(Items listed in a dataset)
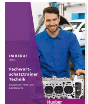
Im Beruf NEU, Fachwortschatztrainer Technik ISBN 978-3-19-311190-6
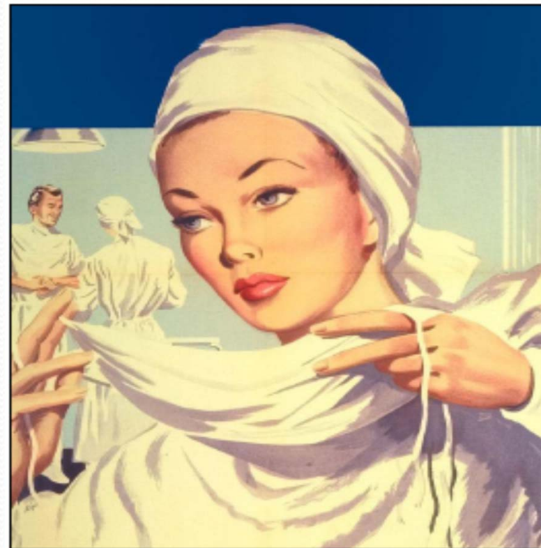
Musée Fl. Nightingale
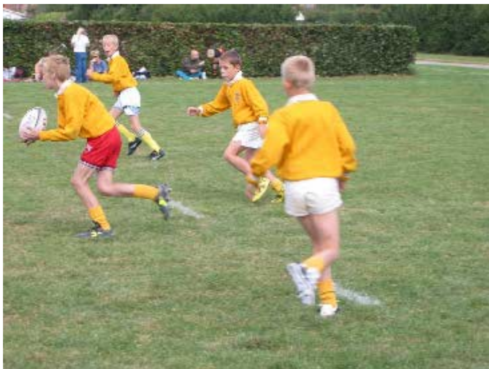
Øresundsstævne hos Speed
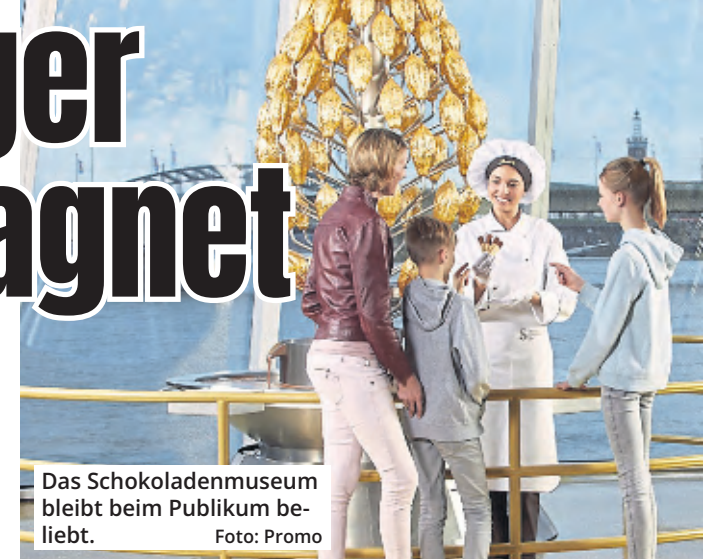
Das Schokoladenmuseum bleibt beim Publikum beliebt.

Das seien 16 Prozent mehr Besucher als 2019, dem letzten Vergleichsjahr vor der Corona-Krise, und sogar 26 Prozent mehr als 2022. Laut Museums-sprecher Klaus Schopen muss
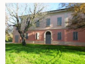
Villa Pasi Medicina
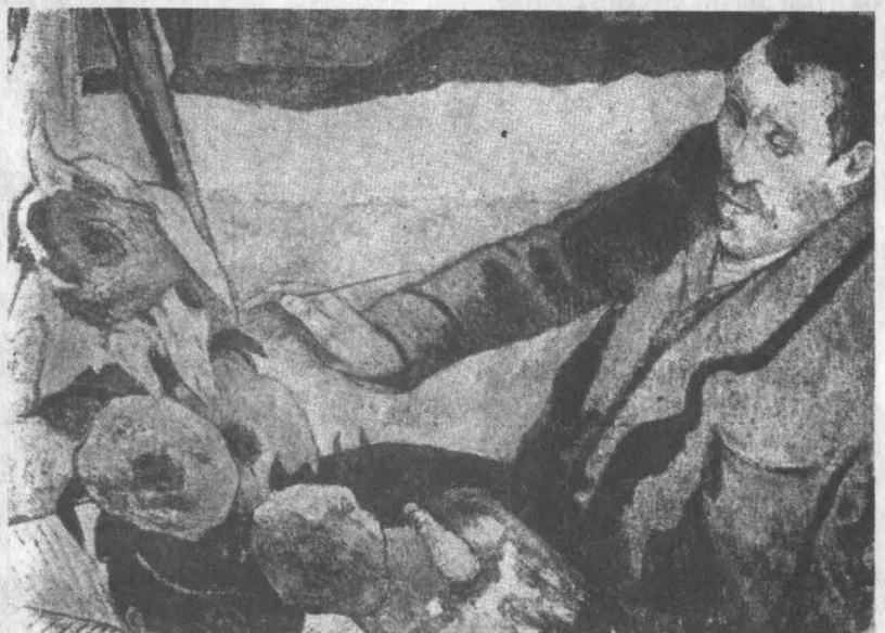
Gauguin "Van Gogh pictînd floarea soarelui"
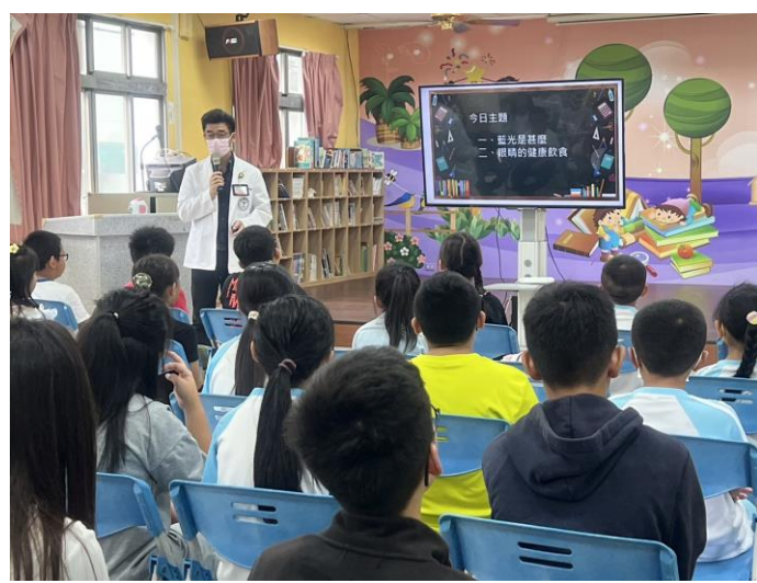
驗光師到校為小朋友講視力保健的重要性
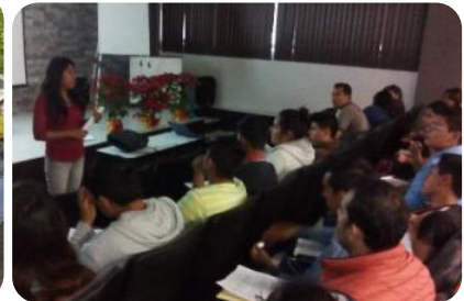
Taller de Lectura y Comprensión
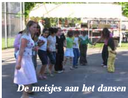
De meisjes aan het dansen

smakelijk feest van te maken. De sport- en spelmiddagen gaan tot de zomer in ieder geval door: op woensdag en vrijdag van 16.00 tot 17.00 uur.
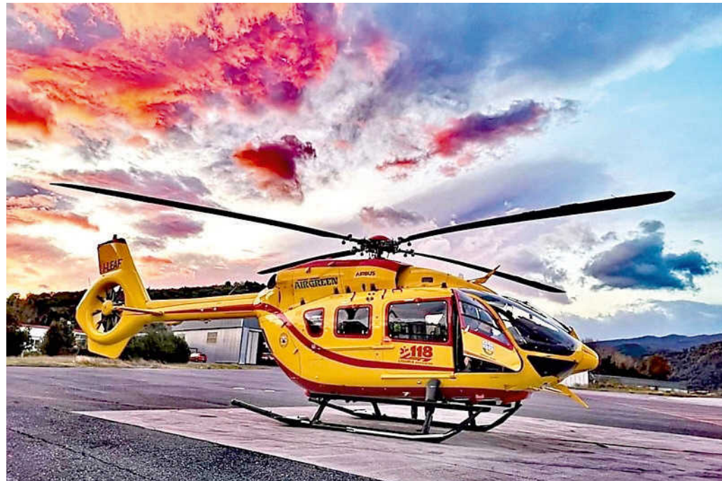
L'elicottero del 118
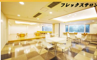
フレックスサロン
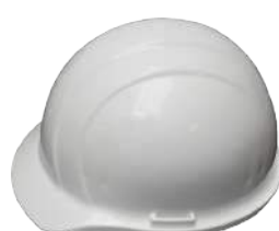
Casco Omega (3M)
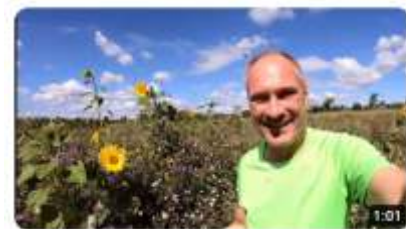
Feldwerbung ist eine Bienenweide 27.814 Aufrufe • vor 4 Monaten
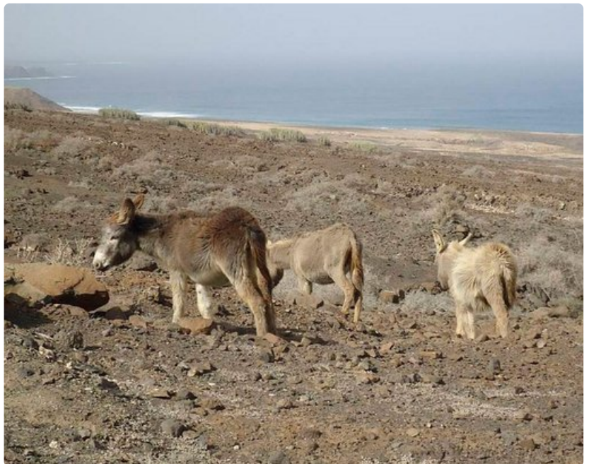
Jandian luonnonpuiston villiaasit löytävät toimeentulonsa äärimmäisen karusta maastosta.
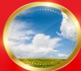
SPRING มีนาคม-พฤษภาคม
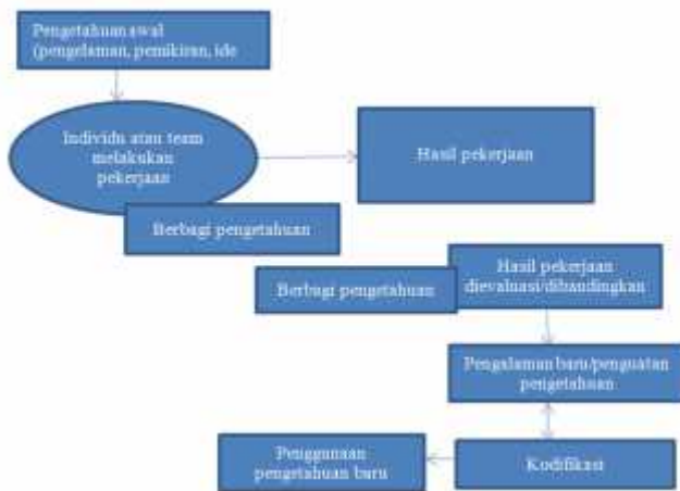
Bagan 1. Model penciptaan pengetahuan di Tim penggerak PKK Desa Cisondari

tanaman obat keluarga mulai dari penanaan tanaman di pekarangan masing-masing sampai pada pengujian khasiat tanaman obat tersebut.
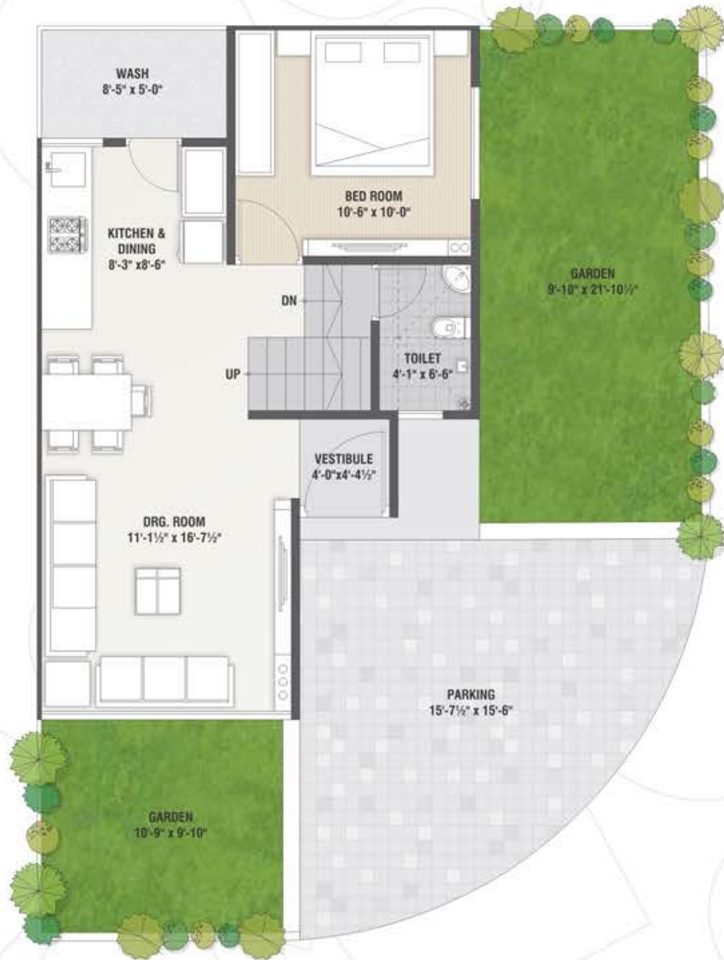
Ground Floor Plan

> Brief
Set down all of the entries exactly as they stand, without any image.

> Solution for this task
Im Beruf NEU, Fachwortschatztrainer Technik ISBN 978-3-19-311190-6
Musée Fl. Nightingale
Øresundsstævne hos Speed
Das Schokoladenmuseum bleibt beim Publikum beliebt.

Das seien 16 Prozent mehr Besucher als 2019, dem letzten Vergleichsjahr vor der Corona-Krise, und sogar 26 Prozent mehr als 2022. Laut Museums-sprecher Klaus Schopen muss
Villa Pasi Medicina
Gauguin "Van Gogh pictînd floarea soarelui"
驗光師到校為小朋友講視力保健的重要性
Taller de Lectura y Comprensión
De meisjes aan het dansen

smakelijk feest van te maken. De sport- en spelmiddagen gaan tot de zomer in ieder geval door: op woensdag en vrijdag van 16.00 tot 17.00 uur.
L'elicottero del 118
フレックスサロン
Casco Omega (3M)
Feldwerbung ist eine Bienenweide 27.814 Aufrufe • vor 4 Monaten
Jandian luonnonpuiston villiaasit löytävät toimeentulonsa äärimmäisen karusta maastosta.
SPRING มีนาคม-พฤษภาคม
Bagan 1. Model penciptaan pengetahuan di Tim penggerak PKK Desa Cisondari

tanaman obat keluarga mulai dari penanaan tanaman di pekarangan masing-masing sampai pada pengujian khasiat tanaman obat tersebut.
Ground Floor Plan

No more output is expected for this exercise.